• WORK TO BE COMPLETED:
Every line from the one holding "岩手県奥州市の白鳥舘遺跡から" through the one holding "En az ortaöğretim" in the data below must be returned exactly, both ends included, with pictures left out and nothing else added.

• EXERCISE DATA:
*** Begin section ***

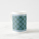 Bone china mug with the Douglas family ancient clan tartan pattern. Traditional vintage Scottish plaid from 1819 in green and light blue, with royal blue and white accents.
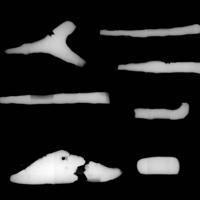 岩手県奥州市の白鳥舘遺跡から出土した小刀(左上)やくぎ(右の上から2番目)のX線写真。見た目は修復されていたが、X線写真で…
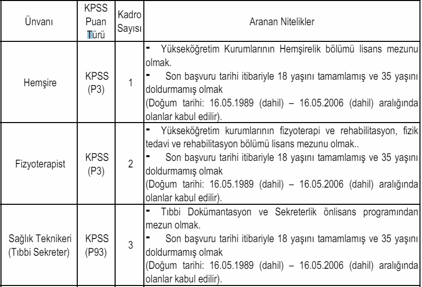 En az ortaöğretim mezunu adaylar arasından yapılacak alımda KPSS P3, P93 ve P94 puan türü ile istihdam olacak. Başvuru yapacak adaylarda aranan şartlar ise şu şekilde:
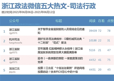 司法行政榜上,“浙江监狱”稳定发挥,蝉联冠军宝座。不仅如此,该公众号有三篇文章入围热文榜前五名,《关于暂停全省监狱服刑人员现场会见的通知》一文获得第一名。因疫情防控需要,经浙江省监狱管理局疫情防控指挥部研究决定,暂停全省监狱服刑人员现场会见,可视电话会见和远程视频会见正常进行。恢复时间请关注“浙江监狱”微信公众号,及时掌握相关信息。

*** End section ***
*** Begin section ***

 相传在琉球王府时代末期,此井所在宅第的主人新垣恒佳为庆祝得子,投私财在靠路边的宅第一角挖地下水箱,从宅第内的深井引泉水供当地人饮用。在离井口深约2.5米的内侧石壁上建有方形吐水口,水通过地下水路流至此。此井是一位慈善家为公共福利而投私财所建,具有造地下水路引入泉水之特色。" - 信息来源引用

*** End section ***

• ANSWER SECTION:
 岩手県奥州市の白鳥舘遺跡から出土した小刀(左上)やくぎ(右の上から2番目)のX線写真。見た目は修復されていたが、X線写真で…
 En az ortaöğretim mezunu adaylar arasından yapılacak alımda KPSS P3, P93 ve P94 puan türü ile istihdam olacak. Başvuru yapacak adaylarda aranan şartlar ise şu şekilde:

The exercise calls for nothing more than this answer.